■ EXERCISE INPUT:

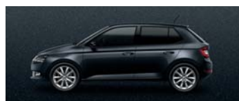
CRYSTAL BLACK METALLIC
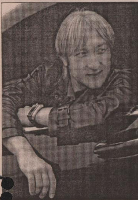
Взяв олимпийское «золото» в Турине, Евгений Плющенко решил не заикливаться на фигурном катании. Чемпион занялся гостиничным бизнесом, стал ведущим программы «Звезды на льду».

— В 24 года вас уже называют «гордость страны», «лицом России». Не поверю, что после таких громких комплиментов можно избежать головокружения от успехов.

==

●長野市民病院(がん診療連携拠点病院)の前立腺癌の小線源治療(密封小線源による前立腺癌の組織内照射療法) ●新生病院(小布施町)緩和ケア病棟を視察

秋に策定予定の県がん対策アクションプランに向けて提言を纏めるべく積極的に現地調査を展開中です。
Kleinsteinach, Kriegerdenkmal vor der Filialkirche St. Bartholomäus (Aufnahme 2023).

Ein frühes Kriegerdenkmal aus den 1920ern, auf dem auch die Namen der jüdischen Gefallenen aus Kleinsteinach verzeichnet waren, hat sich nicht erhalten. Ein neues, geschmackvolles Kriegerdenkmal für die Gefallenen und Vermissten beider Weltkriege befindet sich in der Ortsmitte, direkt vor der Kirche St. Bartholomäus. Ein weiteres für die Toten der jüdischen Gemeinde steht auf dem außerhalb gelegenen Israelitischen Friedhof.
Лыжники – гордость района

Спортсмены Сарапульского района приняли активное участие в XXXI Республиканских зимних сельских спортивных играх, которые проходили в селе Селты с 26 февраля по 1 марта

...

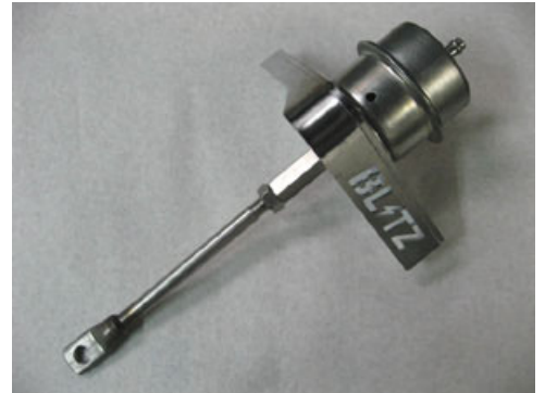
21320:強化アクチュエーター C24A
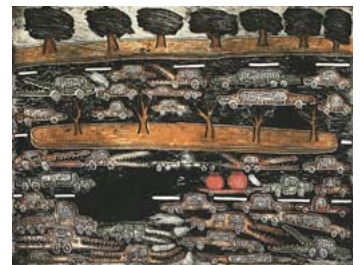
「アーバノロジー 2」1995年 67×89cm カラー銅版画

■ TASK ITEM:
Would you output, from the records above, exactly the run of lines that starts at the line containing "秋に策定予定の県がん対策アク" and ends at the line containing "Спортсмены Сарапульского района", and only that run?

■ TASK OUTPUT:
秋に策定予定の県がん対策アクションプランに向けて提言を纏めるべく積極的に現地調査を展開中です。
Kleinsteinach, Kriegerdenkmal vor der Filialkirche St. Bartholomäus (Aufnahme 2023).

Ein frühes Kriegerdenkmal aus den 1920ern, auf dem auch die Namen der jüdischen Gefallenen aus Kleinsteinach verzeichnet waren, hat sich nicht erhalten. Ein neues, geschmackvolles Kriegerdenkmal für die Gefallenen und Vermissten beider Weltkriege befindet sich in der Ortsmitte, direkt vor der Kirche St. Bartholomäus. Ein weiteres für die Toten der jüdischen Gemeinde steht auf dem außerhalb gelegenen Israelitischen Friedhof.
Лыжники – гордость района

Спортсмены Сарапульского района приняли активное участие в XXXI Республиканских зимних сельских спортивных играх, которые проходили в селе Селты с 26 февраля по 1 марта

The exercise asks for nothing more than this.